Using Dependency Pairs [AG00,LPAR04] we result in the following initial DP problem.

(2) Obligation:

Q DP problem:
The TRS P consists of the following rules:

+¹(s(x), y) → S(+(x, y))
+¹(s(x), y) → +¹(x, y)
+¹(p(x), y) → P(+(x, y))
+¹(p(x), y) → +¹(x, y)
MINUS(s(x)) → P(minus(x))
MINUS(s(x)) → MINUS(x)
MINUS(p(x)) → S(minus(x))
MINUS(p(x)) → MINUS(x)
*¹(s(x), y) → +¹(*(x, y), y)
*¹(s(x), y) → *¹(x, y)
*¹(p(x), y) → +¹(*(x, y), minus(y))
*¹(p(x), y) → *¹(x, y)
*¹(p(x), y) → MINUS(y)

The TRS R consists of the following rules:

p(s(x)) → x
s(p(x)) → x
+(0, y) → y
+(s(x), y) → s(+(x, y))
+(p(x), y) → p(+(x, y))
minus(0) → 0
minus(s(x)) → p(minus(x))
minus(p(x)) → s(minus(x))
*(0, y) → 0
*(s(x), y) → +(*(x, y), y)
*(p(x), y) → +(*(x, y), minus(y))

Q is empty.
We have to consider all minimal (P,Q,R)-chains.

(3) DependencyGraphProof (EQUIVALENT transformation)

The approximation of the Dependency Graph [LPAR04,FROCOS05,EDGSTAR] contains 3 SCCs with 7 less nodes.

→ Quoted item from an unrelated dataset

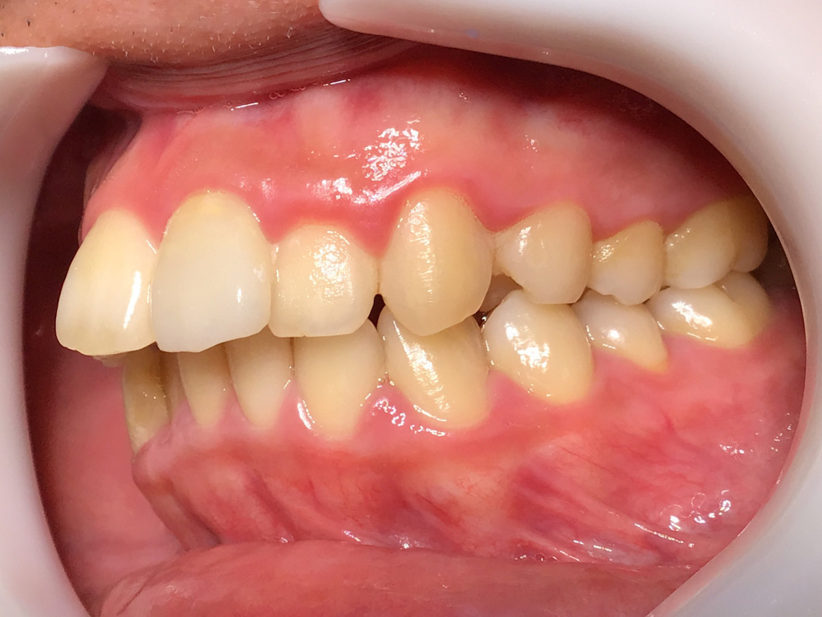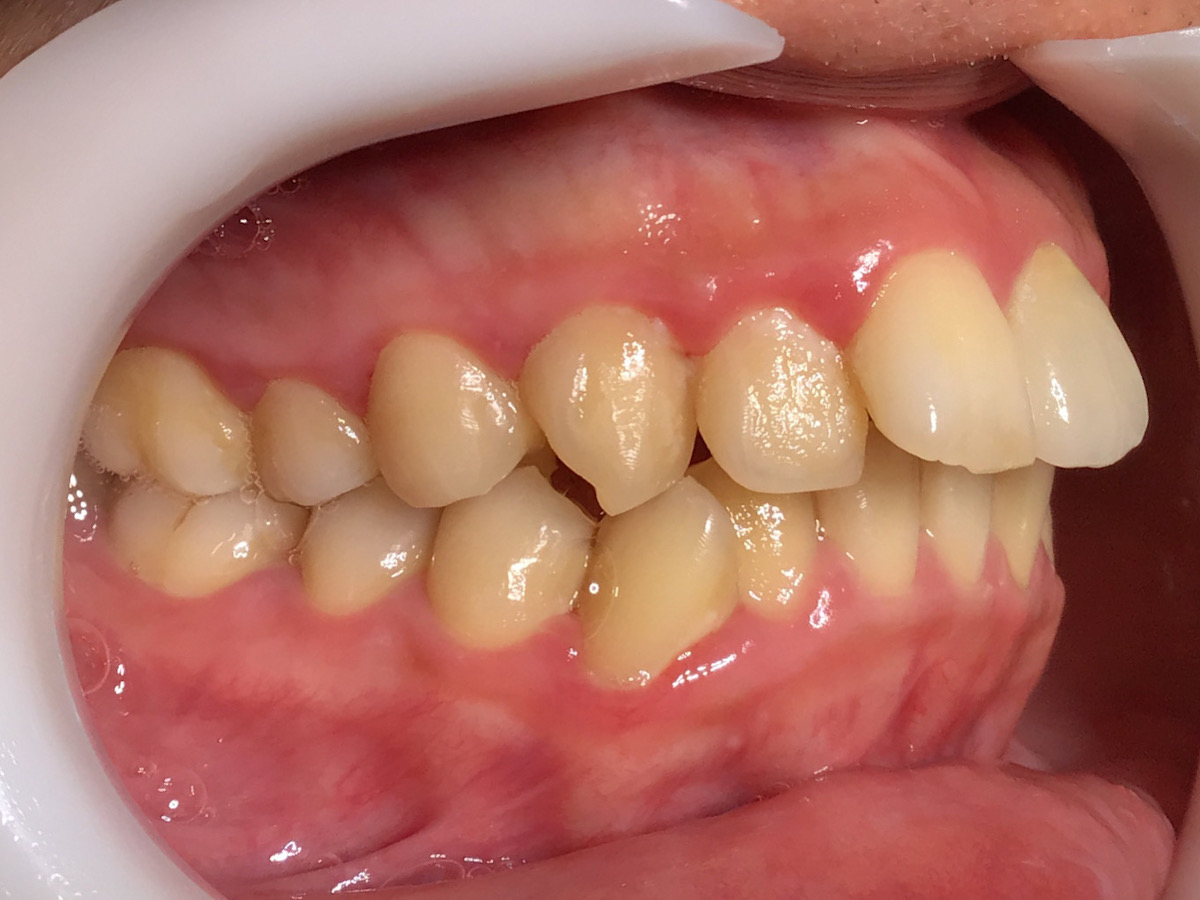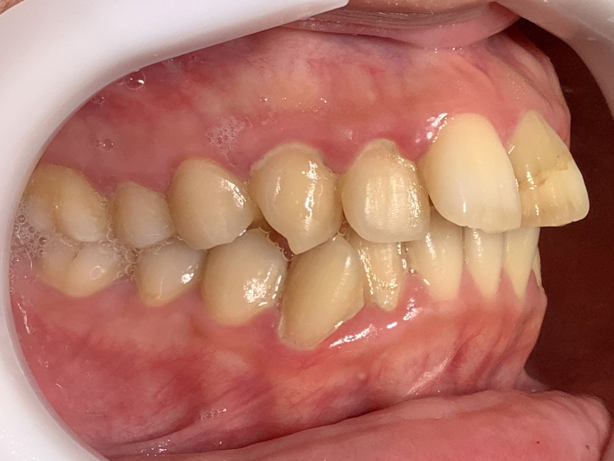 全顎的に口腔内の清掃状況が不良であったため一時的に仮歯に置き換え、改善されてから補綴を行いたかったが患者様の希望で清掃状況は不完全であったが最終修復装置を装着することとしました。補綴装置の形態や色調に関しても何度か相談し、決定しました。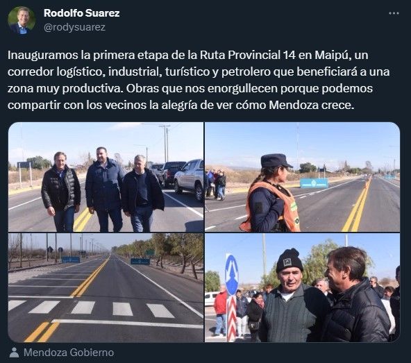 El gobernador Rodolfo Suarez inauguró este viernes la primera etapa de la Ruta Provincial 14, una obra esperada y clave para el sector productivo de Maipú. La inauguración se realizó a dos semanas de las elecciones a intendente en el departamento gobernado por el peronismo y del acto participaron funcionarios y candidatos oficialistas.

(4) Complex Obligation (AND)

(5) Obligation:

Q DP problem:
The TRS P consists of the following rules:

MINUS(p(x)) → MINUS(x)
MINUS(s(x)) → MINUS(x)

The TRS R consists of the following rules:

p(s(x)) → x
s(p(x)) → x
+(0, y) → y
+(s(x), y) → s(+(x, y))
+(p(x), y) → p(+(x, y))
minus(0) → 0
minus(s(x)) → p(minus(x))
minus(p(x)) → s(minus(x))
*(0, y) → 0
*(s(x), y) → +(*(x, y), y)
*(p(x), y) → +(*(x, y), minus(y))

Q is empty.
We have to consider all minimal (P,Q,R)-chains.

(6) QDPSizeChangeProof (EQUIVALENT transformation)

We used the following order and afs together with the size-change analysis [AAECC05] to show that there are no infinite chains for this DP problem.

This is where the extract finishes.